Story Series: Carrie-Ann Black
2020 is the International Year of the Nurse and Midwife, a time to reflect on the skills, commitment and expert clinical care that nurses and midwives bring, and the impact they make on the lives of so many. Here Carrie-Ann Black talks about her nursing career.
"I wanted to start this story by saying that I always wanted to be a nurse, that I come from a long generation of nursing and it was the career I always wanted but that wouldn’t be true.
"I’m the first nurse in my family and when I was little, I wanted to be a zoologist! I naively thought that if you were a nurse you either worked in hospital (like the TV series Casualty) or at a local GP surgery. In fact, I had never thought about being a nurse until I was in my late twenties, yet training as a nurse can only be described for me as "like coming home".
"I had lost my way a bit after completing my ungraduated degree and was really conflicted between embarking on an academic career or a creative one, thinking it wasn’t possible to combine the two. Eventually I trained as a silversmith and contemporary jewellery designer and started my own business. Part of my work portfolio was providing workshops, particularly to vulnerable groups and it quickly became my favourite thing to do.
"I loved getting alongside people and providing a safe space to engage with their creativity, I saw with my own eyes the wellbeing benefits of these workshops. So, I decided I need to spend more time away from the jewellery bench and started to volunteer with a local Harm Reduction Drugs Service. I had always felt a desire to support those often seen as less deserving in society, so this was a really good fit for me.
"Fast-forward a couple of years and I’d retired my jewellery business and was working in a men's prison as a drug and alcohol support worker. Due to the stigma around mental health, I’d found myself specialising in working with those inmates who were considered to have dual diagnosis (both substance misuse and mental health difficulties).
"I loved this area of work and after a couple of years started to look at what my options were to advance in the field. I saw these incredible jobs that I wanted to apply for but couldn’t as they all had the same essential qualification which I was not familiar with and certainly didn’t have… an RMN. Having ascertained this acronym stood for Registered Mental Health Nurse, I researched further and was giddy with excitement at the breadth and depth of the role. I had to apply to train.
"As a student nurse I started to get that ‘coming home feeling’, being a mental health nurse really dovetailed my values and the way I wanted to be in the world. I felt a huge privilege and responsibility caring for people when they were at their most vulnerable. Returning to study also relit an academic fire in me. I was fascinated by some of the theoretical debates around how we conceptualise mental health and define mental health nursing. I was curious as to how policy and practice changed and the ways in which research findings were translated and implemented in practice.

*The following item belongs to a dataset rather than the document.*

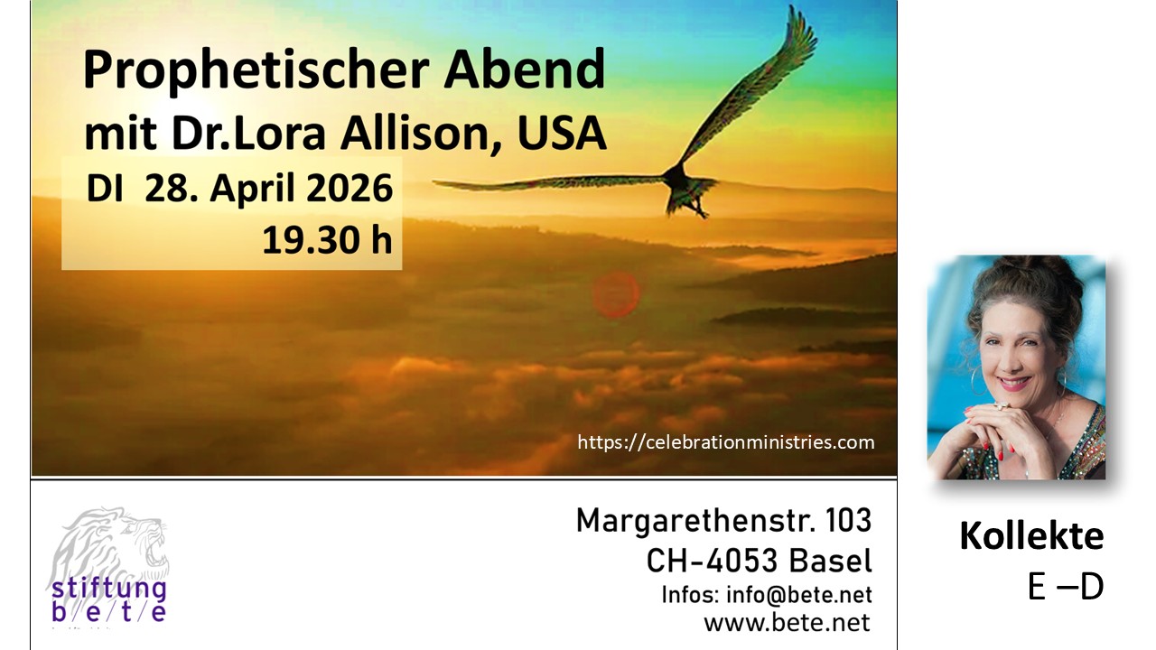 Prophetischer Abend am DI, 28. April, 26, 19.30h mit Dr. Lora Allison

"From qualifying I looked for every opportunity to integrate research activity into my nursing practice, I wanted to carve out a clinical academic career but not a traditional one. I did not want to be based in a university, I wanted to be a nurse in the NHS who was utilising and undertaking research activity to respond to practice led demands. Whilst this was not a well-trodden path, it was one I was determined to travel. Fast forward again, 10 years this time, and I’m making it happen.
"I am currently the Implementation and Research Nurse lead for CAMHS, I work closely with the Head of Nursing and Quality, Nurse Consultant and Matrons to facilitate an academically underpinned, clinical evidence base that supports the development and dissemination of expert nursing practice across the directorate. I’m undertaking my PhD part time and I am one of 64 senior nurses nationally selected to work on a Department of Health and Social Care programme to improve research capacity and capability building across the nursing workforce. The role I do is an unconventional one but it’s one I believe more nurses should be undertaking.
"I am keen to think about how we develop opportunities for nurses to drive research both in relation to the questions being posed and the methods being utilised. Teams and organisations often report different experiences in sustaining the same intervention.
"Policymakers and practitioners need to understand how and why programmes work and don’t work in different contexts, so they are better equipped to make decisions about which programmes or policies to use and how to adapt them to local contexts. Such understanding is arguably vital when considering how an intervention is sustained in ‘real world practice’ and I believe nurses are well placed to contribute to and take a lead in answering those questions as part of our pursuit to deliver high quality, evidence-based nursing practice.
"For me research and nursing are irrevocably intertwined, I believe that being involved in research makes me a better nurse. I believe the core of being a mental health nurse is the desire to make a positive difference to the lives of the people and communities I serve and being research active is integral to me in achieving that aim."